> [What needs to be done]: Within the lines below, the span from the line with "E aí veio o" to the line with "The white on", both ends included, is to be reproduced exactly, with pictures omitted.

> [Input material]:
------------
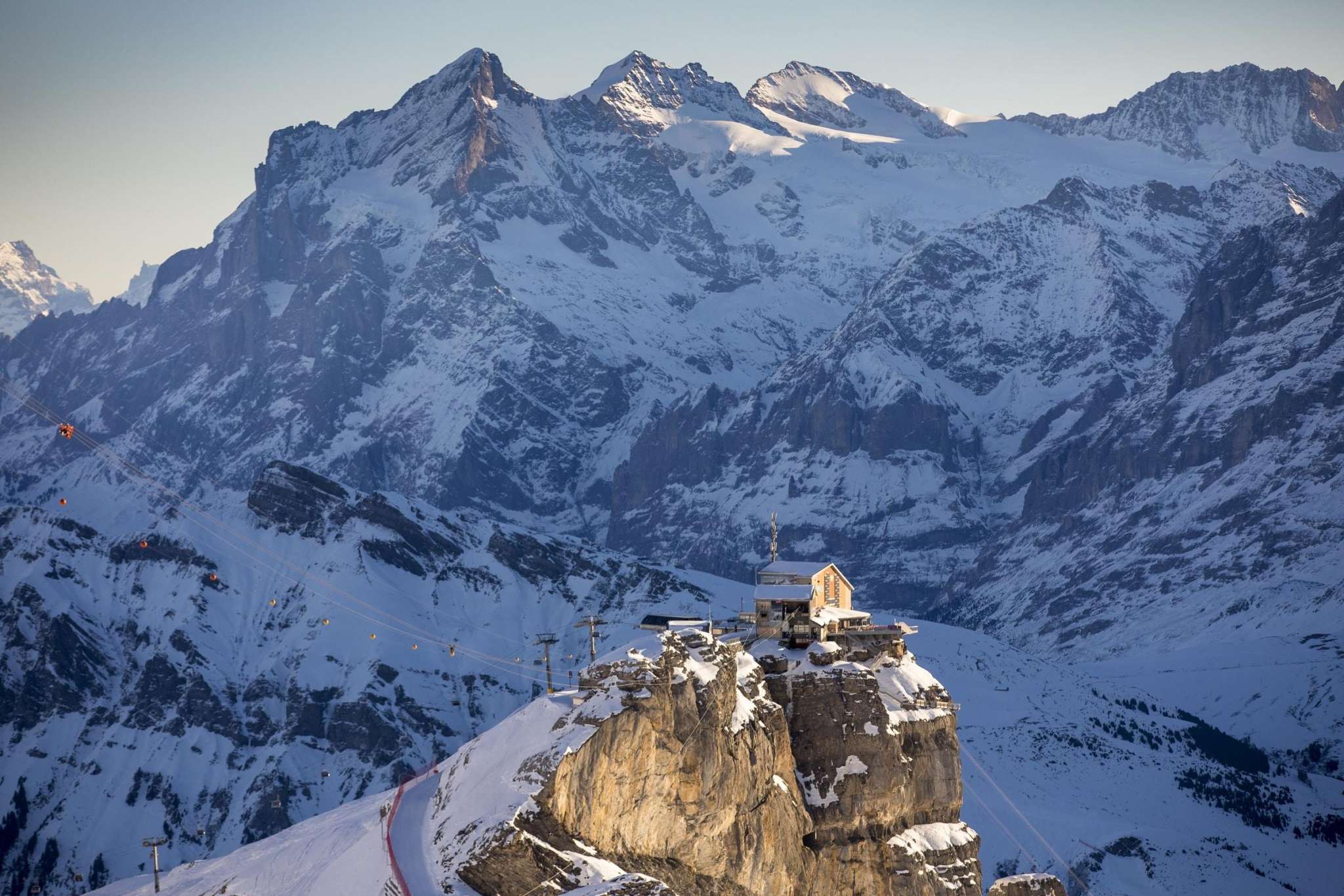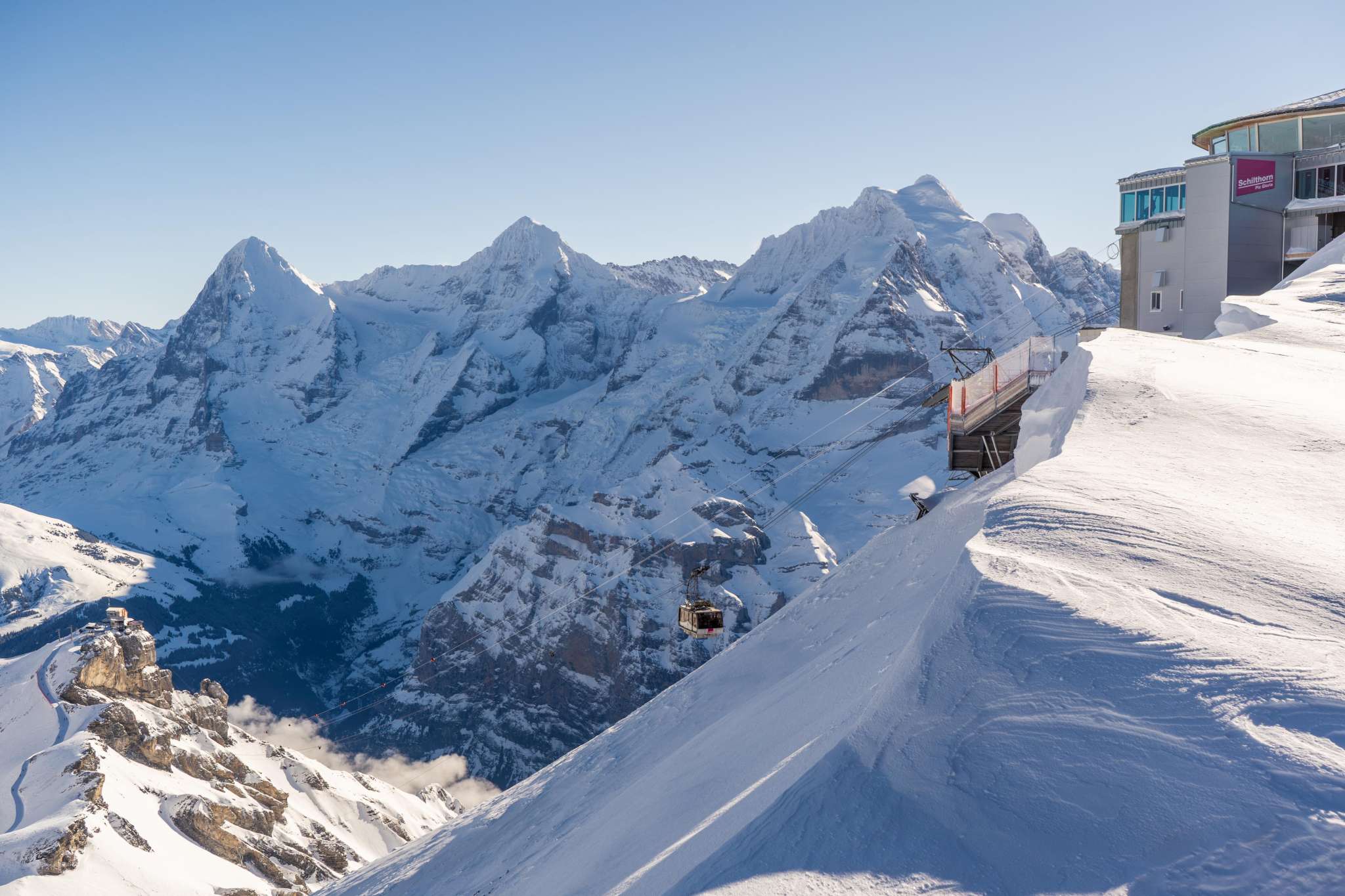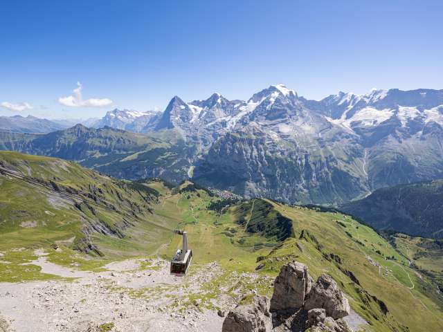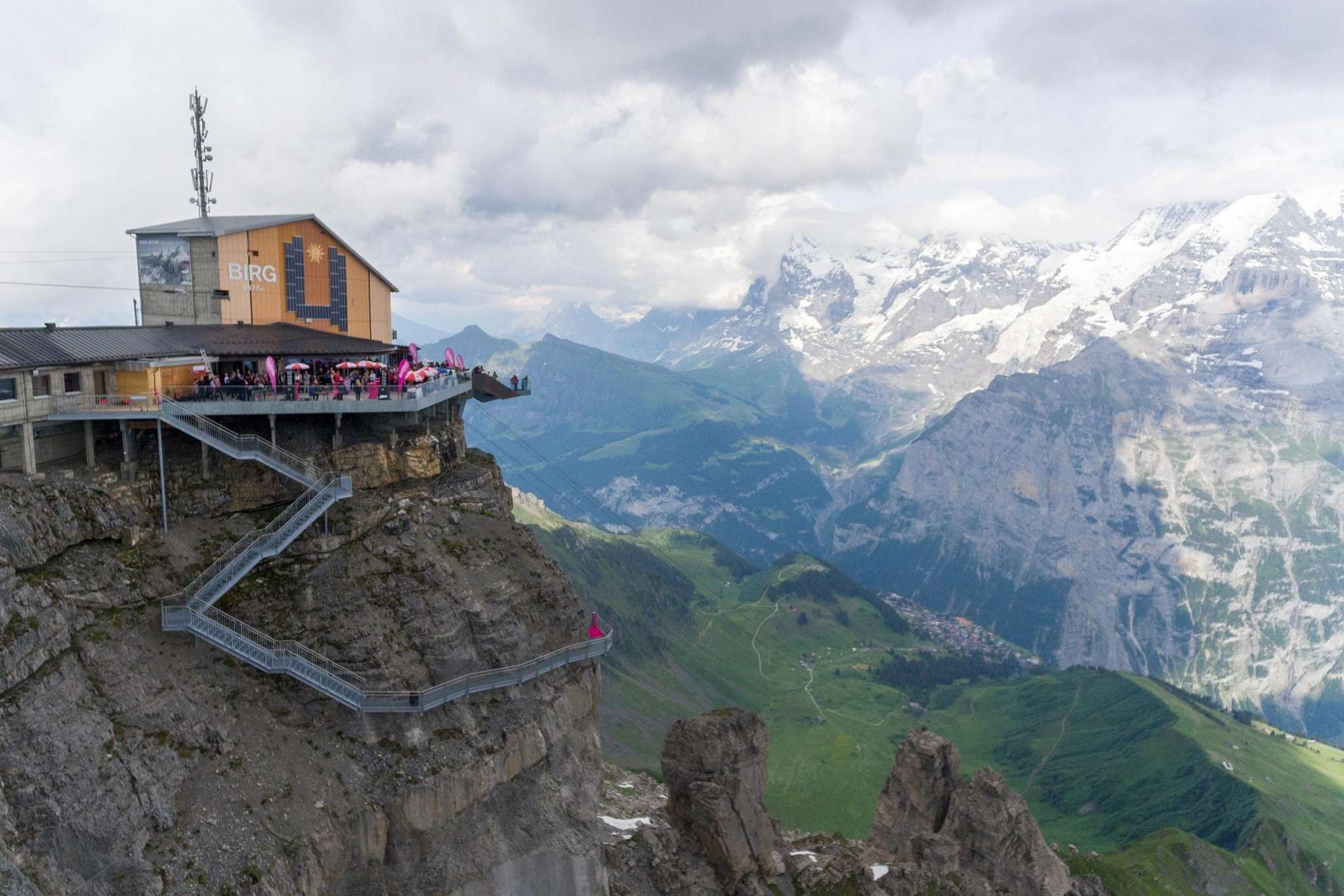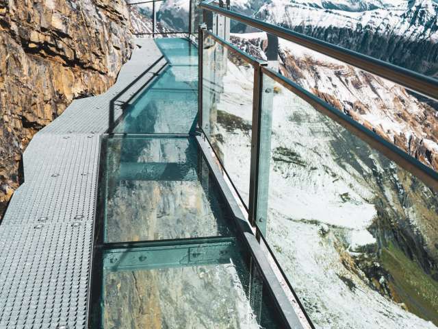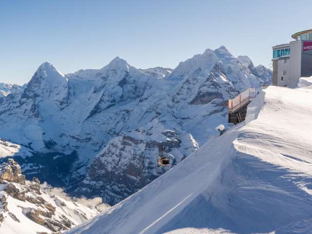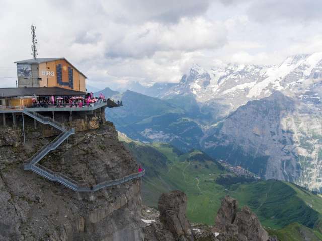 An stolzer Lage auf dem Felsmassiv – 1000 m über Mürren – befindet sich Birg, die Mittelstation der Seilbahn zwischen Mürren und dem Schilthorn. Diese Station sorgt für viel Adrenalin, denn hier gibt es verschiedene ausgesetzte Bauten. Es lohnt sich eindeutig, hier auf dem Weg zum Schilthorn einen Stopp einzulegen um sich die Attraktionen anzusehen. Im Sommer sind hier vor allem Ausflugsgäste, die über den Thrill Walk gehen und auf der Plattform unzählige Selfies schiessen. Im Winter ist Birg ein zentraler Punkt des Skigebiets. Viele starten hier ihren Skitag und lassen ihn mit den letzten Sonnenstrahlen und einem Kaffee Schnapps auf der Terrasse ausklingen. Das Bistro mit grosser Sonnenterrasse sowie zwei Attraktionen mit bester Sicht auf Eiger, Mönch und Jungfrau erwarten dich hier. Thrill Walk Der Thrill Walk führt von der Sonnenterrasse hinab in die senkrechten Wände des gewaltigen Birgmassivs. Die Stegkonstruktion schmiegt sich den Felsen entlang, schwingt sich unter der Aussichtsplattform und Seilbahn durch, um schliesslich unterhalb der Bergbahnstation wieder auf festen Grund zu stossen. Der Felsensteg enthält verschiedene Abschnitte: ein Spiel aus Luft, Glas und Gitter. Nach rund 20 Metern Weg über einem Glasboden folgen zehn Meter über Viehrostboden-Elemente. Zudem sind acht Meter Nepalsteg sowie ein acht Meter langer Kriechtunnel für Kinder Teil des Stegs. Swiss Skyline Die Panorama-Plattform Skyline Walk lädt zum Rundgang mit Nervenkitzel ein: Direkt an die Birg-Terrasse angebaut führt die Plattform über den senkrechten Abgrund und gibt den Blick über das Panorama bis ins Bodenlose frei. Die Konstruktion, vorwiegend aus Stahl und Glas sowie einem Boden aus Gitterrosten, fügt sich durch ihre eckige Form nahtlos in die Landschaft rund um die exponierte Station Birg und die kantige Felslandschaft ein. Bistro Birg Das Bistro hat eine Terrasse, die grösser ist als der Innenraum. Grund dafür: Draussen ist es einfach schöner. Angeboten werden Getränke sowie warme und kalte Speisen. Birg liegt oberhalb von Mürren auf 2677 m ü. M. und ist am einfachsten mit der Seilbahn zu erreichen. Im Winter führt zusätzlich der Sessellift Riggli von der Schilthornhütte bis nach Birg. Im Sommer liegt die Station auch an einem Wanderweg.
------------
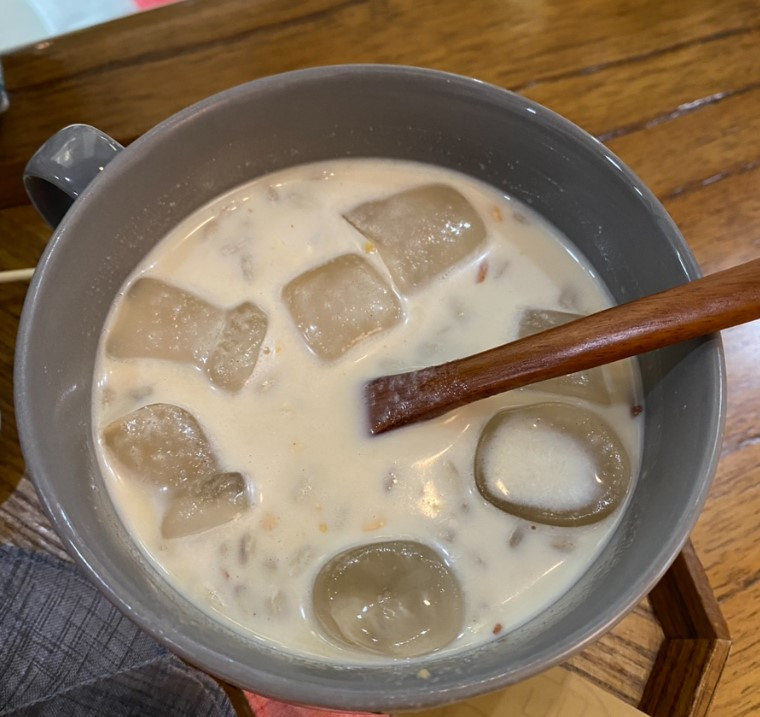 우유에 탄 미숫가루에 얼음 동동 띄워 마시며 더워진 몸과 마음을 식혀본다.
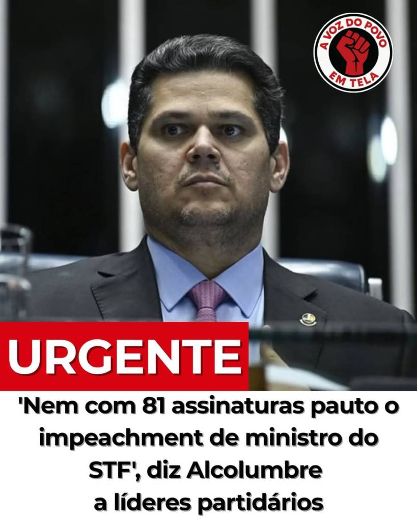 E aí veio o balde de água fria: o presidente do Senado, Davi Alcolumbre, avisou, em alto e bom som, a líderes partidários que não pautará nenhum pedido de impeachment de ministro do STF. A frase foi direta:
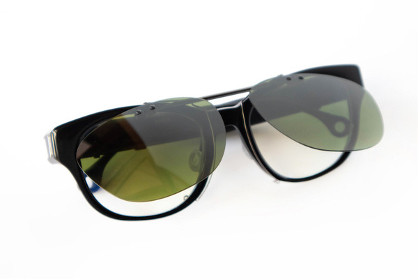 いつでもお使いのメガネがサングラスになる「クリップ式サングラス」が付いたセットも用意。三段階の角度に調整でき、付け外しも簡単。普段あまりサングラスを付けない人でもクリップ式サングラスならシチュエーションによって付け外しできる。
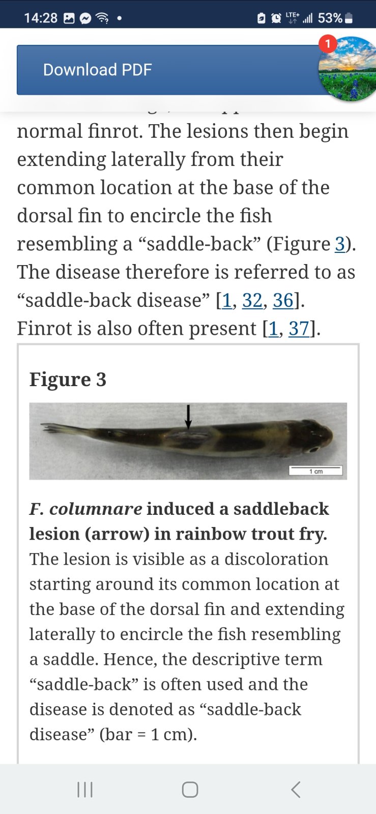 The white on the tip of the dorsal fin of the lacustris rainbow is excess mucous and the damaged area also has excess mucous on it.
------------
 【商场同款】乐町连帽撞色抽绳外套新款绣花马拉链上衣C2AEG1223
------------
> [Solved exercise]:
 E aí veio o balde de água fria: o presidente do Senado, Davi Alcolumbre, avisou, em alto e bom som, a líderes partidários que não pautará nenhum pedido de impeachment de ministro do STF. A frase foi direta:
 いつでもお使いのメガネがサングラスになる「クリップ式サングラス」が付いたセットも用意。三段階の角度に調整でき、付け外しも簡単。普段あまりサングラスを付けない人でもクリップ式サングラスならシチュエーションによって付け外しできる。
 The white on the tip of the dorsal fin of the lacustris rainbow is excess mucous and the damaged area also has excess mucous on it.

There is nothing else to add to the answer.